Гейм уже заметил геликоптер, некоторое время тому назад поднявшийся с командного пункта, что находился на расстоянии нескольких миль позади траншей и окопов. Геликоптер сделал круг над самой землей в районе взрыва. Капитан понимал, в чем дело – шла проверка состояния радиации. Он мрачно улыбнулся: радиация – главное пугало. От жары и взрывной волны еще могут защитить окопы, убежища. Другое дело радиация!

Сколько же времени противник должен будет находиться под действием смертоносного атомного излучения?

С геликоптера дали сигнал и по радио объявили, что опасность радиации миновала.

Теперь нужно было как можно быстрее занять подвергшуюся атомной бомбардировке территорию «противника». Гейм и Финчли имели возможность воочию убедиться, как мало пользы принесла проведенная накануне тренировка солдат. Наконец машины устремились вперед, туда, где был произведен взрыв.

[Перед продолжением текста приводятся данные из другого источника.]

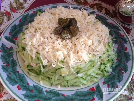 И украшаем салат. Я сделала вот такой вариант, а вы фантазируйте и создавайте свой шедевр.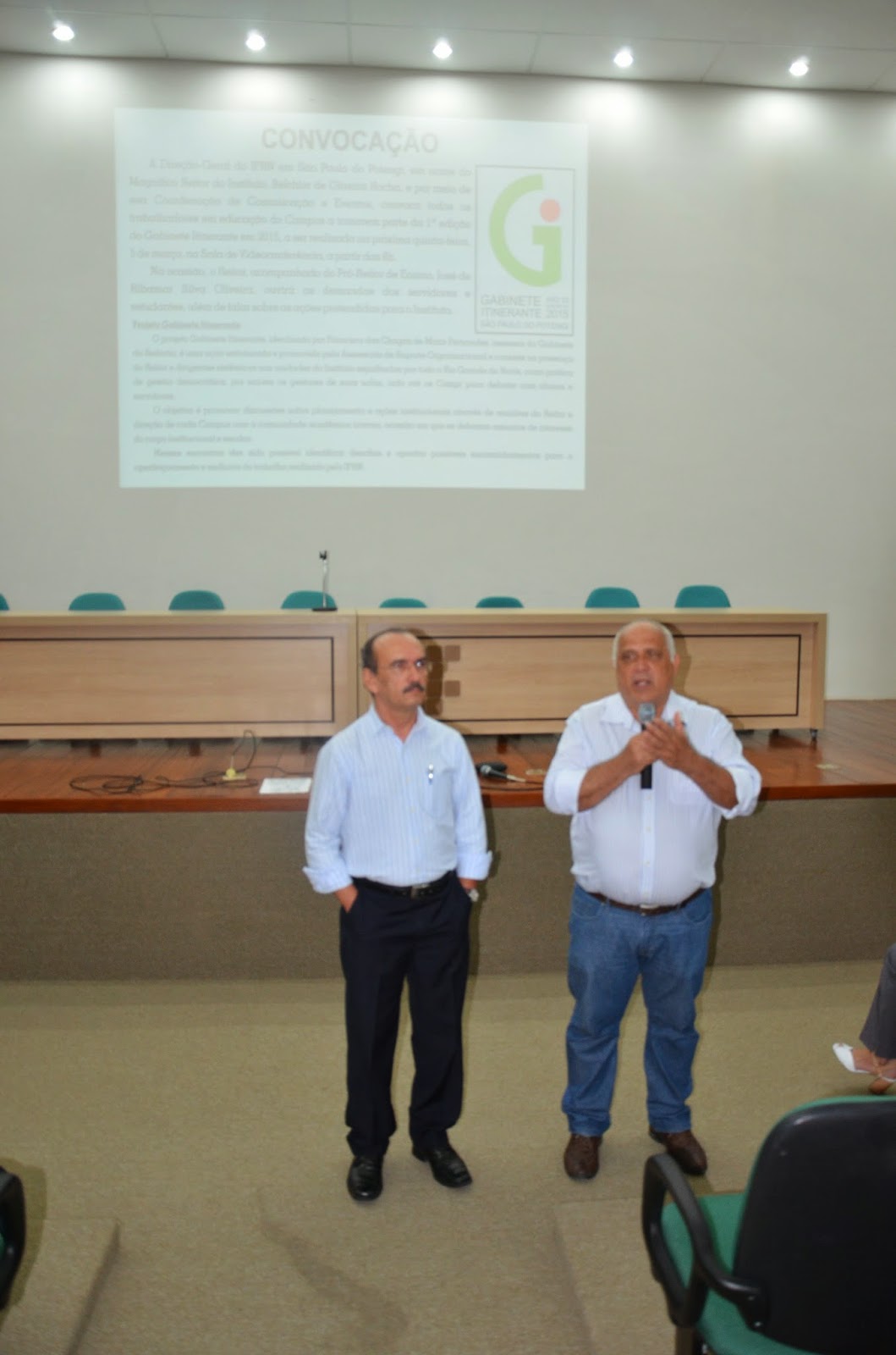 Após tomar café com os servidores, o Reitor abriu os trabalhos do Gabinete Itinerante numa fala rápida para técnicos e docentes, na sala de videoconferência. Na sequência, acompanhado pelo Diretor Geral do Campus, Ednaldo Pereira, o Professor Belchior foi recepcionado, no auditório, pelos estudantes dos cursos Integrado e Subsequente do IFRN - São Paulo do Potengi. Tão logo encerrou sua fala, onde falou sobre incentivos, desafios e persistência em busca do sonho, o Reitor respondeu perguntas do alunado. Questionamentos, dúvidas, solicitações e queixas foram ouvidos e encaminhados.

В машину, где находились Гейм и Финчли, влез один из инструкторов, которые были приданы каждому подразделению.

– Как с радиацией? – спросил офицер-артиллерист.

– О, не беспокойтесь, – успокоил его инструктор. – Пятьдесят процентов радиации пропадает через одну секунду после взрыва атомной бомбы в воздухе. Всякая опасность остаточной проникающей радиации исчезает через полторы минуты.

Финчли это показалось невероятным.

– И вы утверждаете, что я могу безопасно ходить по этой только что облученной земле? – спросил он.

Инструктор рассмеялся.

– Конечно, – сказал он. – Если вас волнует вопрос о том, какова возможность попасть под действие радиации, можете об этом не думать – она меньше нуля.

Заметив недоверие в глазах солдат, инструктор отвернулся. «Если радиация столь безопасна для нас самих, то почему же она убийственна для противника? Где тут правда?» – думал Финчли. Понимал и Гейм, что выводы делать еще рано.

Машины прошли несколько миль, и все увидели основательно подготовленные оборонительные сооружения пехотного батальона. Тут были стрелковые ячейки, заграждения из колючей проволоки, пулеметные гнезда, артиллерийские позиции… Повсюду было расставлено оружие, которым обычно располагает стрелковая часть. Оружие находилось и в окопах, и прямо на земле. Вместо людей здесь всюду были овцы.

Инструкторы принялись объяснять действие взрывной волны на таком расстоянии от эпицентра.

До нулевой точки осталось менее двух миль. Дозиметрические приборы со счетчиками Гейгера щелкали как сумасшедшие, но инструктор, стараясь успокоить солдат, заметил:

– Они так же будут щелкать, если их поднести, например, и к циферблату моих часов. Все в порядке.

Встречавшаяся скудная растительность обгорела, редкие кустики отклонились в сторону от центра взрыва.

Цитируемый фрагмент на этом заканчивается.